■ Activity: The pictures in the listing below are to be skipped, while the lines between the line holding "Paging 은 사용하지" and the line holding "ML6-8-H-40-RT/59/115b/136,漫反射型傳感器", inclusive, are to be output exactly.

■ Information shown:

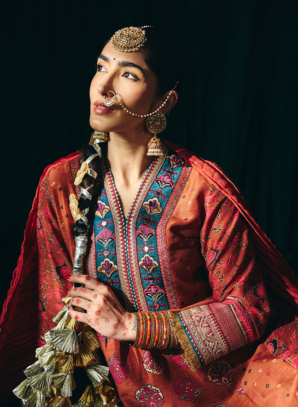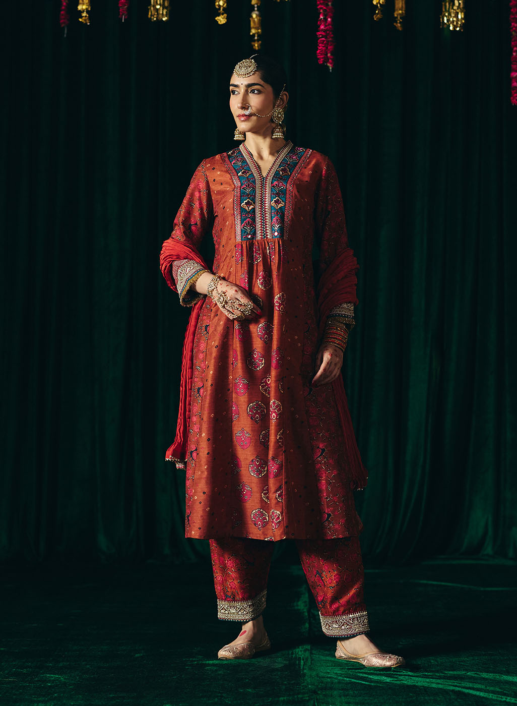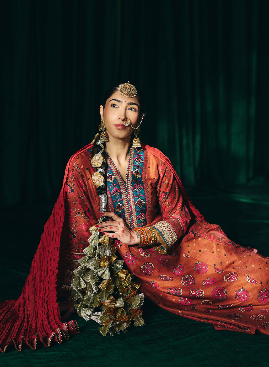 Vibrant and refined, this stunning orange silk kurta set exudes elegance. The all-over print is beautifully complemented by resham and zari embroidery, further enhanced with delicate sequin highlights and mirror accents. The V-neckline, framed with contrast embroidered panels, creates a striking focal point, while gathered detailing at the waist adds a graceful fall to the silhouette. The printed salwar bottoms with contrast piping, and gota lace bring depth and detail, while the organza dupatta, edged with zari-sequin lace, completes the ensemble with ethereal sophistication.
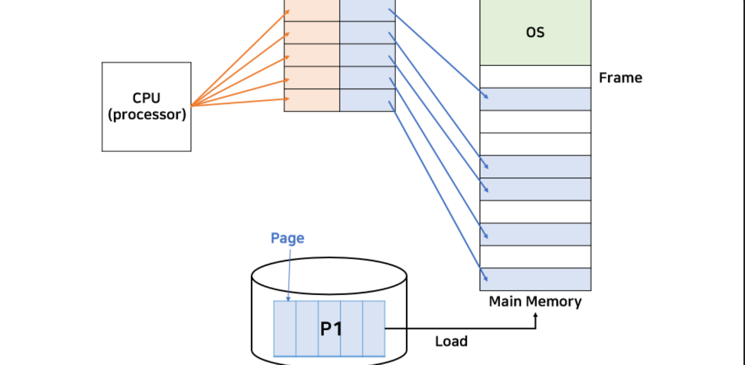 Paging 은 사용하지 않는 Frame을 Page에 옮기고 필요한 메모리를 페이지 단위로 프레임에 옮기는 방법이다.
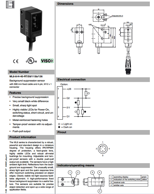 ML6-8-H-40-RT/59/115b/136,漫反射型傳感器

...

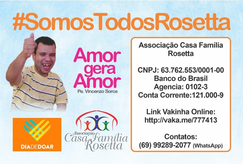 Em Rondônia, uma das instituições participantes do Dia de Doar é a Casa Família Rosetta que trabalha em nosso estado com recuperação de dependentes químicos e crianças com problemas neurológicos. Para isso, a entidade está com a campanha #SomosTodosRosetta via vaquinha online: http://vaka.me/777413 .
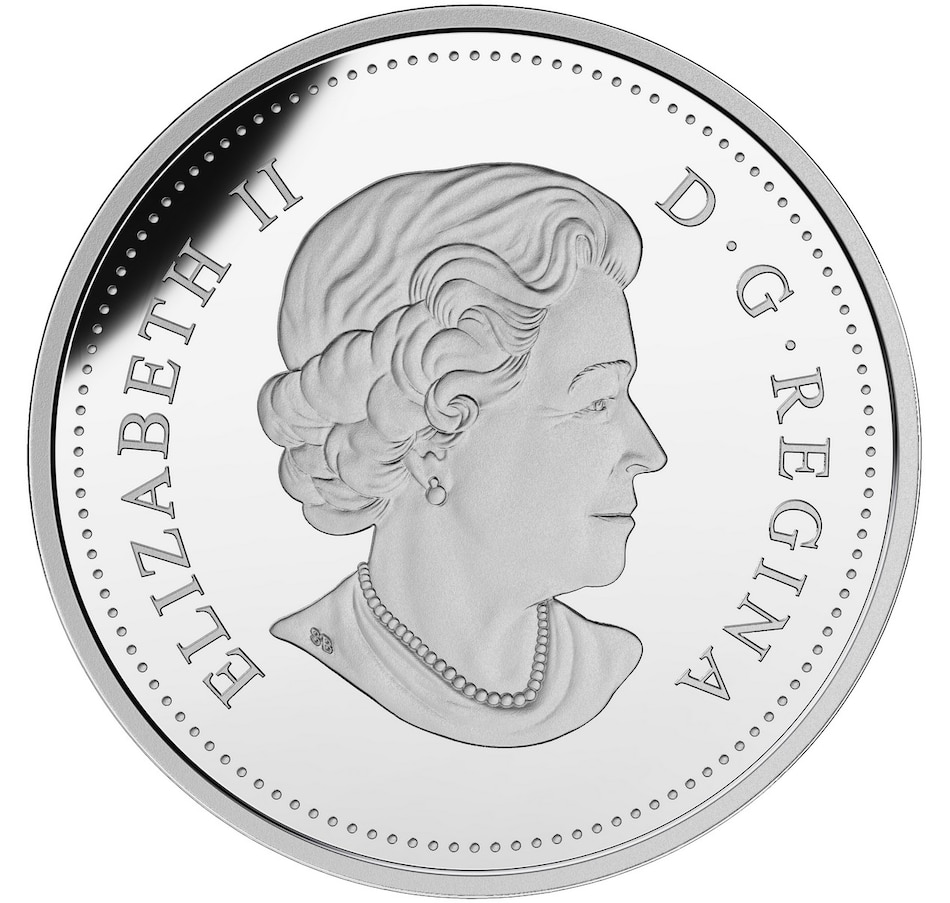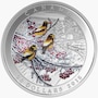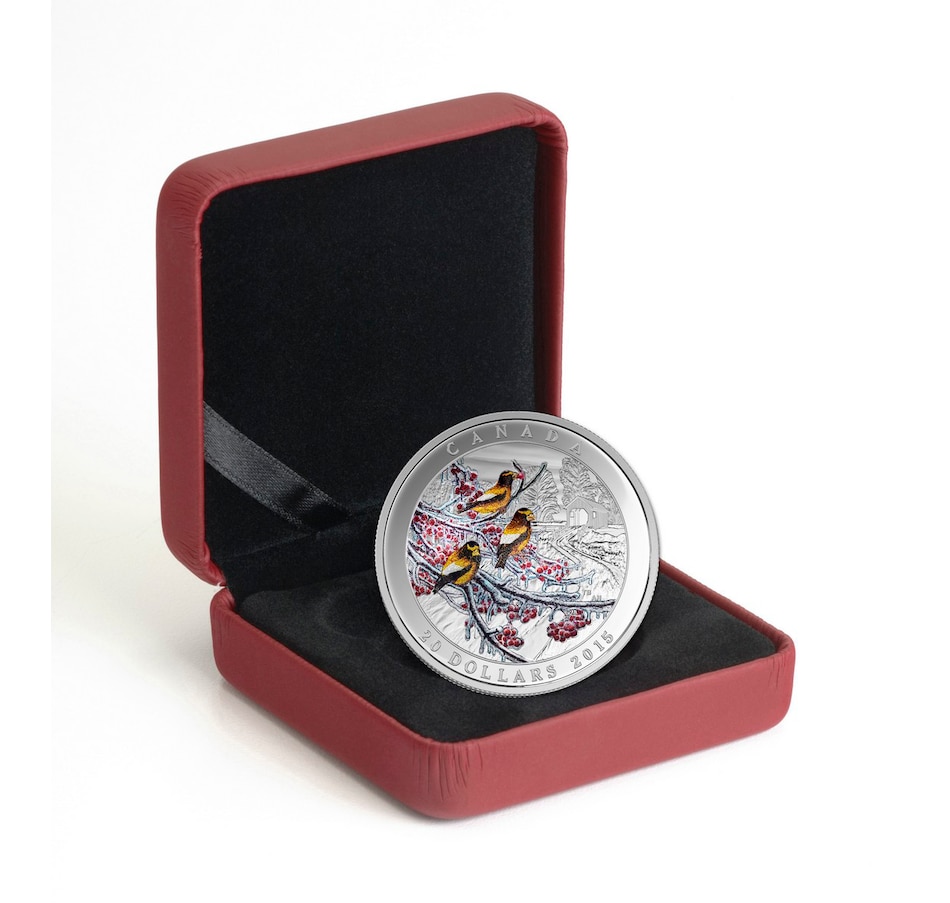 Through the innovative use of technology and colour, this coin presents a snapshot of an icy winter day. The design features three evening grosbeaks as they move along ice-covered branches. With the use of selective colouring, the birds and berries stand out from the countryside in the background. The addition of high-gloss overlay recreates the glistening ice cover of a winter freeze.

■ Result below:
 Paging 은 사용하지 않는 Frame을 Page에 옮기고 필요한 메모리를 페이지 단위로 프레임에 옮기는 방법이다.
 ML6-8-H-40-RT/59/115b/136,漫反射型傳感器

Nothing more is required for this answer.